Mitt Romney has already made some history — no other presidential candidate in the modern era has refused to disclose more basic information about his policy proposals. As Thomas B. Edsall explains in The New York Times:
With the presidential election just two weeks away, Romney’s gamble may be paying off. He has failed to specify where he would wield the budget knife, and he has defied, with a striking degree of success, the relatively quiet group of people who have called for him to honor a host of traditional disclosure and campaign practices.
It hasn’t mattered. The Obama v. Romney all-poll average is now tied on RealClearPolitics and down to a tiny 0.4 point advantage for Obama on the Huffington Post politics section’s Election Dashboard.
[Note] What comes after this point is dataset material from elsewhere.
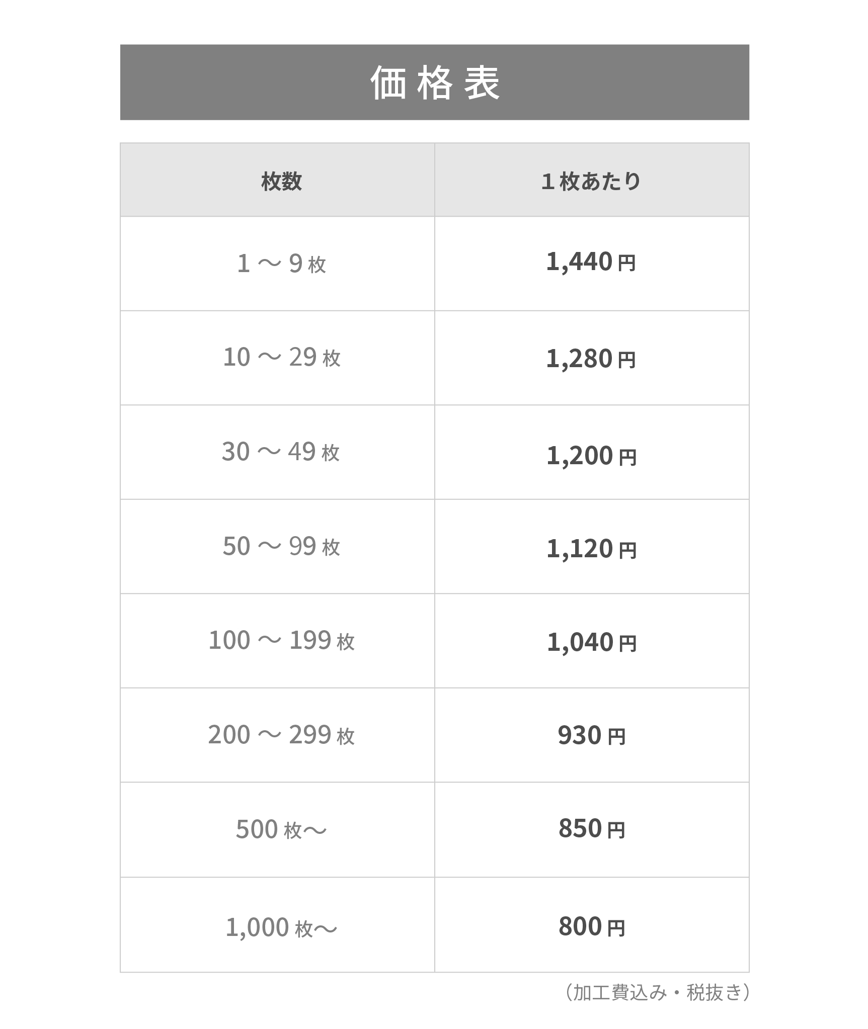 ご注文の枚数で割引率が変わります。デザインシュミレーター・データ入稿の場合は更に割引率が15%加算されますのでおトクです!

Romney’s evasions of traditional disclosure have been ongoing and almost insolent.
In July, when Romney refused to release more than two years of tax returns — in contrast to previous candidates of both parties, among them his father — there was a huge uproar. National Journal published a list of 17 prominent Republicans, including four sitting senators, who called on him to release 10 or more years. Editorials in papers across the country denounced Romney’s secrecy. The conservative columnist George Will declared that Romney “must have calculated that there are higher costs in releasing them.” Will warned Romney that he was losing the argument “in a big way.”
But it is Romney who appears to have won the argument. His tax returns are a dead issue, except on the left and liberal fringe.
Edsall’s article goes on to explain that “Romney has repeatedly left unaddressed and unresolved a fundamental contradiction between his proposal to cut tax rates across the board by 20 percent and his claim that his fiscal policies will put the nation on a path toward a balanced budget.” Edsall’s article goes on to fault Romney for an almost complete lack of candor regarding his budget proposals, including his $2 trillion hike in military spending. Esdall goes on to add,
If Romney wins and actually tries to reduce deficits to the levels he has described during the campaign, he would have to make drastic cuts in widely backed discretionary spending programs. These programs would not just suffer cuts. Homeland security, the administration of justice, environmental protection, the National Institutes of Health: They would all face the prospect of being gouged or slaughtered.
Edsall explains further that “A Romney victory will make it possible for future candidates to take the same path of secretiveness. Non-disclosure could become the norm…Romney has demonstrated that the press is relatively toothless — that a candidate who is willing to take the heat for a while can outlast the media.”
At least some of the fault, however, lies with the lapdog media, who have given Romney a free ride. As Edsall notes,
To accommodate both the conservative wing of his party and the demands of mainstream voters has required Romney to dodge tough questions. In many ways he has gotten away with it…even judged by the standards of past dichotomies between election pledges and the realities of governing, Romney has placed himself in an exceptionally untenable position. This season’s rhetoric has exposed the spuriousness of the inflated promises of the Republican nominee.
Candidate Romney has set up a test of how much political arrogance and deceit of the rankest kind a presidential candidate can get away with. It’s up to Democrats to work unceasingly over the next two weeks for a turnout to end his shameless charade.